# Unemployed and scared to work



## Nightwing85 (Dec 6, 2013)

Almost two months ago I became unemployed when I quit a job I'd had for four years for another job that I quit after one day because of my SA. The messed up part is that on the last day of my former job my manager told me that he would keep me in the system for two weeks in case I didn't like the new job and wanted to come back. After I quit the new job I went to take him up on that offer but he said that my district manager had replaced me (this was less than a week after I had left) and there was nothing he could do. I was furious because one of the reasons I had quit the new job was because my manager had said that I could come back. Now almost two months later I'm unemployed and out of money. I live with my dad so I don't have to worry about having a roof over my head but he pretty much supports me and I feel like a burden to him. My dad is awesome so when I bring it up to him he of course says that there is no way he would think that but I think that.
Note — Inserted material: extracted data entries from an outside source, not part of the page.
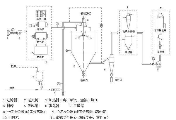 空氣通過過濾器和加熱器,進(jìn)入干燥器頂部的空氣分配器,熱空氣呈螺旋狀均勻進(jìn)入干燥器。料液由料液槽經(jīng)過濾器由泵送至干燥器的離心霧化器,使料液噴成績效的霧狀液滴,料液和熱空氣并流接觸水分迅速蒸發(fā),在短時(shí)間內(nèi)干燥為粉末狀成品。成品由于干燥塔地步和旋風(fēng)分離器排除,廢棄由風(fēng)機(jī)排出。
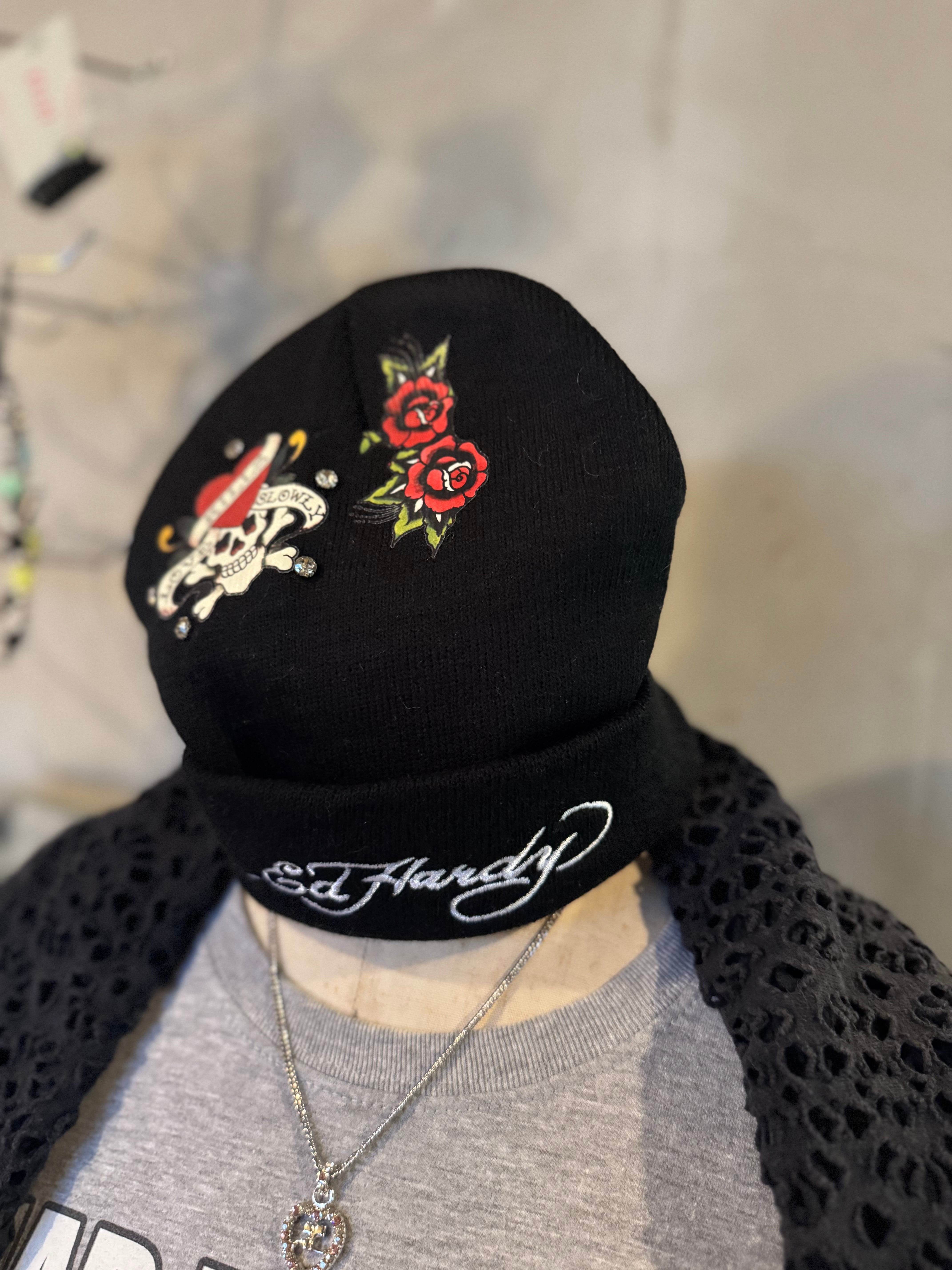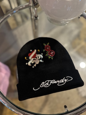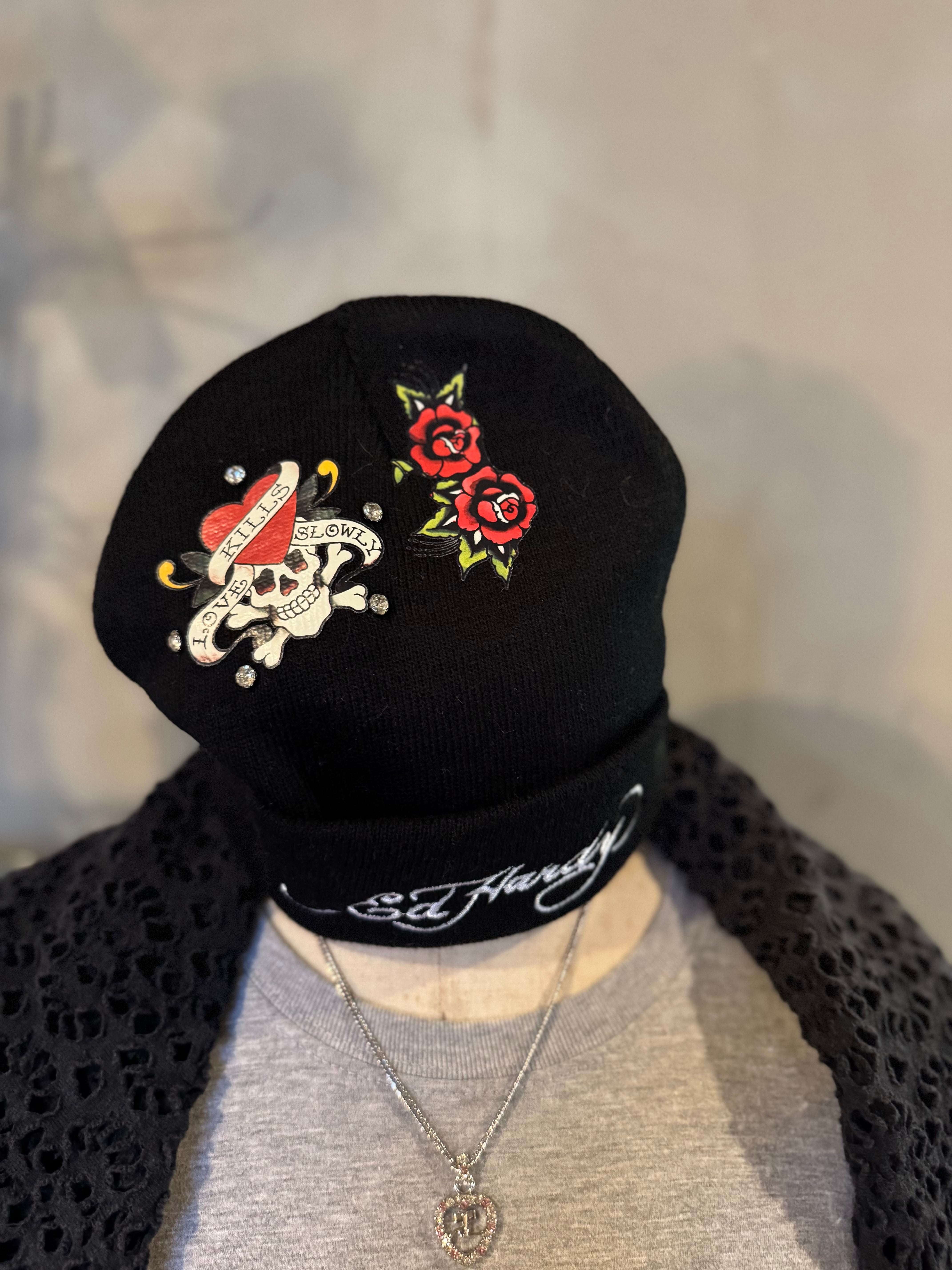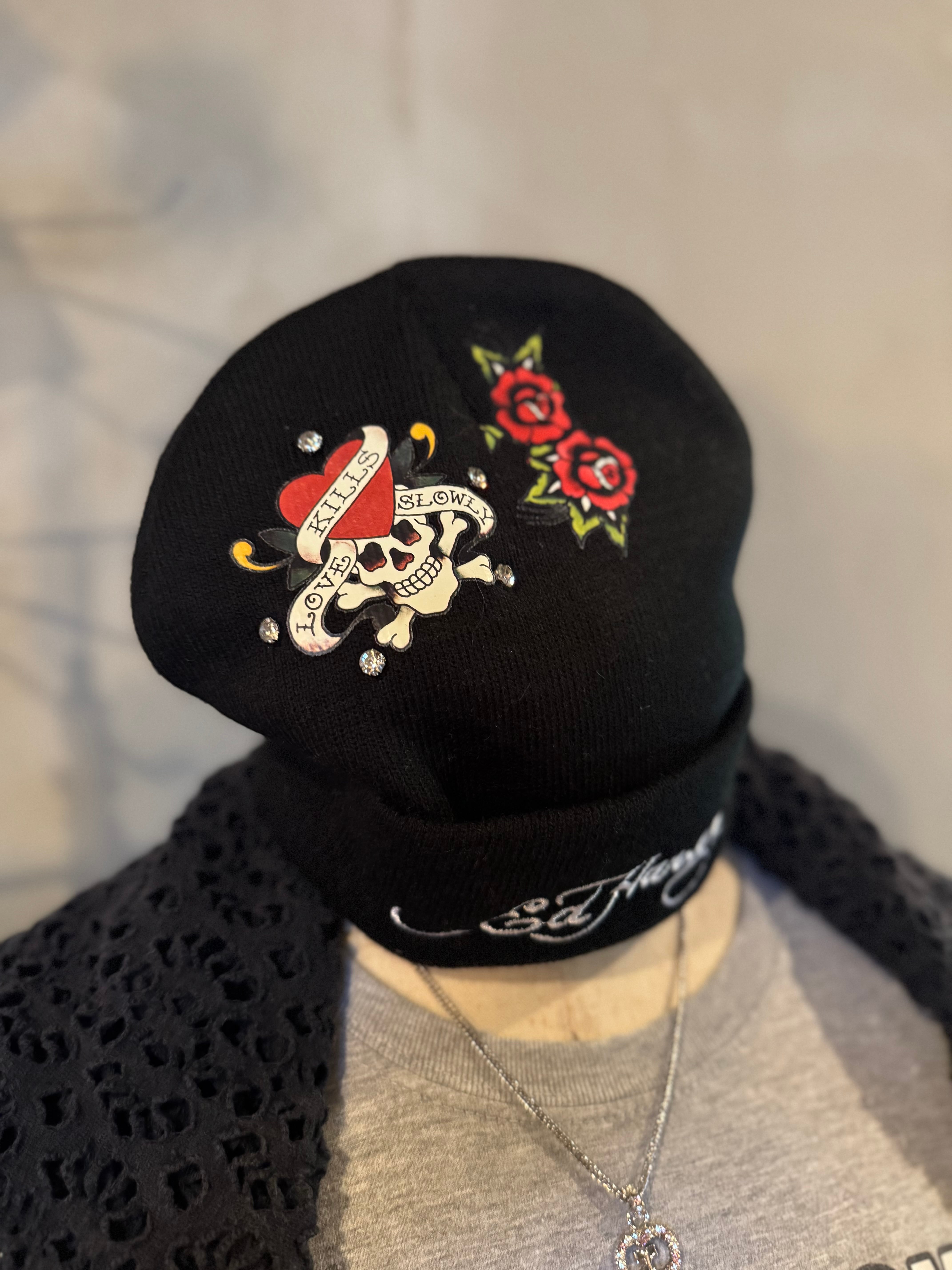 Ed Hardy kirakira scull heart knit hat(baby pink/black)
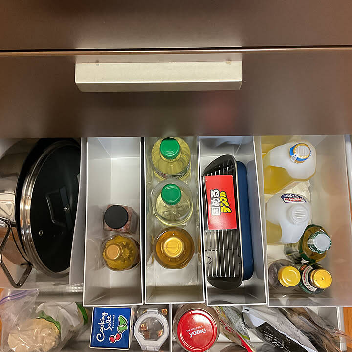 mogumoguさん「わが家の定番アイテムは、無印良品のファイルボックスです。主にキッチンの引出しの収納に使っています。
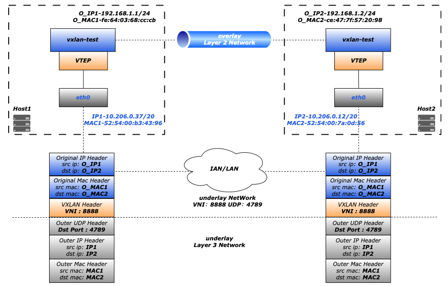 VXLAN 使用了一种封装机制,结合了ARP 和 FDB(Forwarding Database)表的功能来实现跨主机的通信 。ARP 只解析内部 IP 到内部 MAC 地址,VXLAN 依赖 FDB 的额外信息来实现从内部 MAC 到远端主机(VTEP IP)的映射。
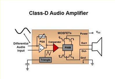 在音頻解決方案中進(jìn)行折衷與音頻處理性能、音頻輸出功率、熱耗散和整體的功耗有關(guān)。傳統(tǒng)的音頻方案由兩到三個(gè)受AB類音頻功率放大器驅(qū)動(dòng)的揚(yáng)聲器構(gòu)成。然而,相對(duì)于它的整個(gè)音頻輸出而言,AB類放大器的工作固有地生成大量的熱。這些積聚起來(lái)的高溫因?yàn)樾枰蟮纳崞瑏?lái)散發(fā)熱量,所以,在大多數(shù)薄形狀因子的平面電視中禁止采用AB類放大器。為了解決這個(gè)問(wèn)題,業(yè)界采用了D類放大器技術(shù)(圖3)。目前,輸出場(chǎng)效應(yīng)三極管(FET)可以在截止區(qū)與飽和區(qū)之間切換,從而提供比AB類放大器更高的效率,F(xiàn)有的音頻解決方案容許你完全利用數(shù)字信號(hào)路徑。這不僅僅最大化音頻效率,而且,它們也提供有效的處理和大于110dB的信噪比(SNR)。
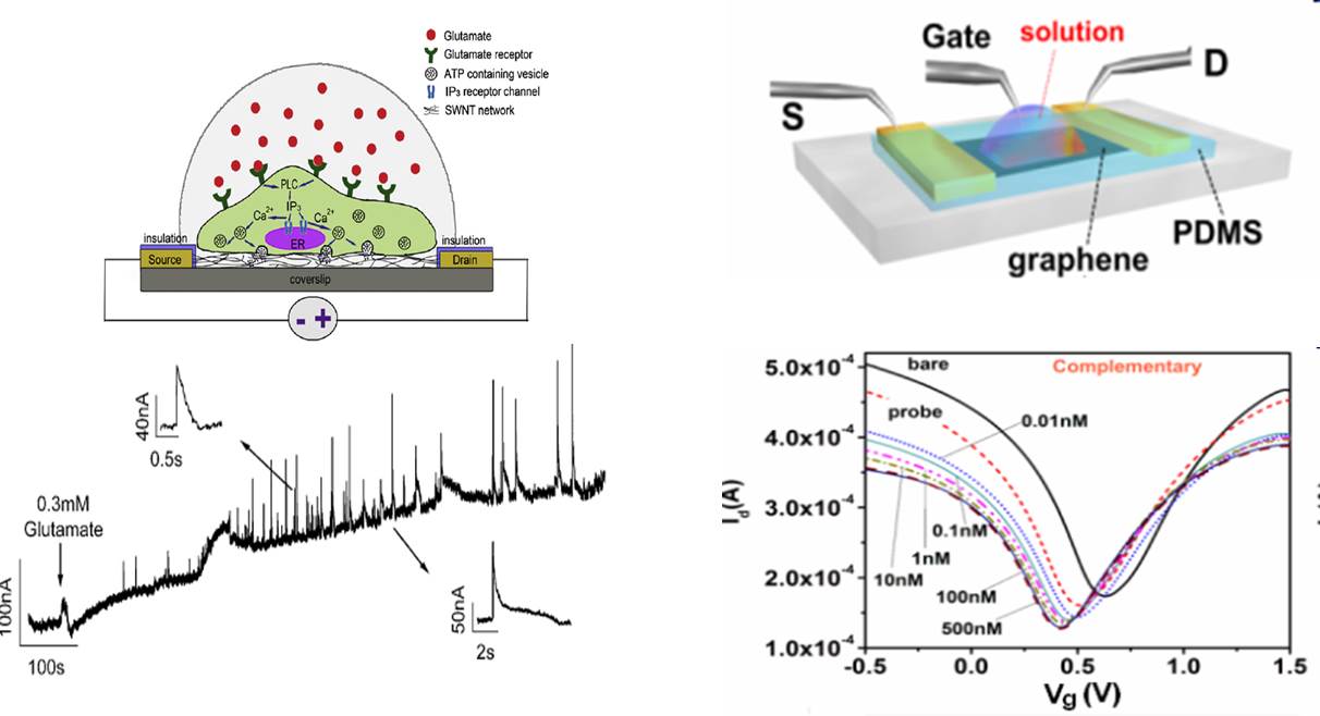Ø Graphene, carbon nanotube, and organic semiconductors based bio-sensors to detect DNA, E. Coli, proteins, etc.

The thought of working again terrifies me and whenever I look at job listings it scares me. I wake up every day sick to my stomach with anxiety and scared for my future. I worry about what would happen to me if something happened to my dad. I feel like such a loser and am miserable. I barely eat, I barely sleep, I barely function, my neck is killing me with stress. I feel quitting my old job was a mistake and I feel that quitting the new job was a mistake. But in terms of the new job it was a call center job with good money and benefits but I simply couldn't do it. I spent the whole of the only day I worked fighting wave after wave of panic attacks. My old job sucked and I was anxious every day there but at leas I had gotten used to it. The thought of working fills me with intense anxiety but the thought of not working makes me severely anxious. It is a vicious cycle that I don't see an escape from. I needed to vent but any advice or help or whatever would be appreciated.


----------



## empireness (Mar 1, 2013)

I feel you. Just try to stay strong, fill your mind with positive thoughts everyday every night. Just keep doing that until you find a job. I did that.... But when i started work, everything i read and thought about went to waste. I didn't have the ideal person i wanted to be in mind. Im feeling disappointed with myself and im constantly hating myself for that. I landed a job as an operator. So that means im constantly dealing with a lot of people. I thought i could handle because of all the positive thoughts i put myself thru. Telling myself i could do it everyday. But i am trying hard not to regret my decision now. 
At work, i feel so awkward. I am nothing like the outspoken person i prepped myself to me. It makes me very depressed just thinking about it. I don't want to be this f-ing quiet person at work WHICH I AM NOW. Because im constantly worried people are judging how stupid i am when i ask this and that. My mind is always full of thoughts that make me so anxious UGH.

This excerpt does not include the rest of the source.